Kritik von allen Seiten: Regierungsvertreter aus der Ukraine und dem Baltikum entsetzt
Podoljak wies außerdem Lus Interview-Äußerungen über die 2014 von Russland besetzte und annektierte ukrainische Halbinsel Krim zurück. Auf die Frage, ob die Krim ukrainisch sei, hatte Lu auf LCI geantwortet, dies hänge davon ab, „wie man das Problem betrachtet. Es gibt eine Geschichte. Die Krim war zu Beginn russisch.“
Podoljak urteilte, es sei „seltsam, eine absurde Version der ‚Geschichte der Krim‘ vom Repräsentanten eines Landes zu hören, das keine Skrupel hinsichtlich seiner tausendjährigen Geschichte hat“.

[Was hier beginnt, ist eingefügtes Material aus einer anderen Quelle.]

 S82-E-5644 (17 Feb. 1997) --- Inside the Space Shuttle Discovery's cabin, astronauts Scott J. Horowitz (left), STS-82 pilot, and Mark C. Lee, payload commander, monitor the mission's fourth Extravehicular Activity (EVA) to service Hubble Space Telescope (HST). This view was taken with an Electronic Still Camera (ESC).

Staatsoberhäupter erwarten nach Aussagen von Lu Shaye Klarstellung aus Peking
Auch Staatsvertreter im Baltikum machten ihrem Ärger Luft. Estland, Lettland und Litauen gehörten ebenso wie die Ukraine zur ehemaligen Sowjetunion. Die Regierungen der drei Staaten sehen offenbar Klärungsbedarf und kündigten an, chinesische Diplomaten einzubestellen. Wegen der „völlig inakzeptablen“ Bemerkungen habe er für Montag den Geschäftsträger der chinesischen Botschaft in Riga einbestellt, teilte Lettlands Außenminister Edgars Rinkevics am Samstagabend auf Twitter mit.
Dieser Schritt sei mit Litauen und Estland abgestimmt. „Wir erwarten von chinesischer Seite eine Erklärung und eine vollständige Rücknahme dieser Aussage“, schrieb der Chefdiplomat des baltischen EU- und Nato-Land weiter.

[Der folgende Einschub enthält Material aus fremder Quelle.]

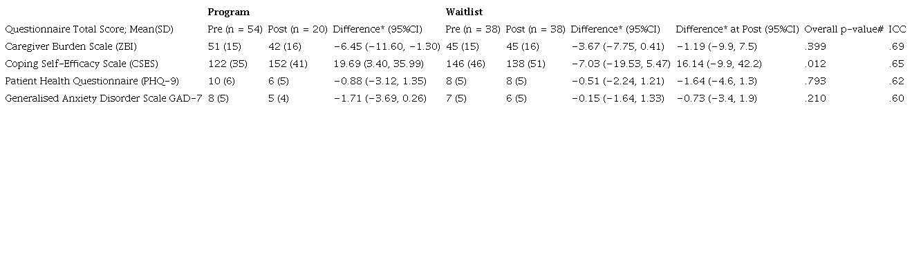 The Intervention group reported a significant reduction in ZBI scores of the caregiver burden subscale from pre to post (49.8 vs 43.3, p = .015). The Waitlist group had a (non-significant) reduction in score, and the overall treatment effect was not significant (p = .399).

Josep Borrell rätselt über Rolle Chinas im Ukraine-Krieg
Estland, Lettland und Litauen waren im Zweiten Weltkrieg abwechselnd von der Sowjetunion und Deutschland besetzt. Nach Kriegsende wurden die drei kleinen Ostseestaaten im Nordosten Europas gegen ihren Willen jahrzehntelang zu Sowjetrepubliken. Erst 1991 erhielten sie ihre Unabhängigkeit zurück, seit 2004 gehören sie EU und Nato an.
Der EU-Außenbeauftragte Josep Borrell bezeichnete Lus Einlassungen als „inakzeptabel“. „Die EU kann nur annehmen, dass diese Äußerungen nicht Chinas offizielle Politik darstellen“, schrieb er am Sonntag im Onlinedienst Twitter. Ähnlich äußerte sich das französische Außenministerium und forderte eine Klarstellung von Chinas Regierung.

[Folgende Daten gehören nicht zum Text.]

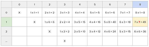 (雖然是只有表格的一半,應該要除以二,但時間複雜度是不在意常數 1/2 的)

Welche Rolle spielt China im Ukraine-Krieg?
Genau das – ob Lus Äußerungen wirklich stellvertretend für die Meinung Pekings stehen – ist die entscheidende Frage. Fakt ist: Bislang hat China weder den russischen Angriffskrieg in der Ukraine noch die Annexion besetzter ukrainischer Gebiete öffentlich verurteilt. CIA-Chef William Burns ist laut seinen Aussagen am Wochenende davon überzeugt, dass Chinas Präsident Xi Jinping Waffen- und Munitionslieferungen an Russland in Betracht ziehe.
Genau das hatte China bislang vehement bestritten. Erst vor zehn Tagen hatte Außenminister Qin Gang im Rahmen des Besuchs von Annalena Baerbock versichert, Peking werde Russland aktuell und auch künftig nicht mit Waffen zu unterstützen.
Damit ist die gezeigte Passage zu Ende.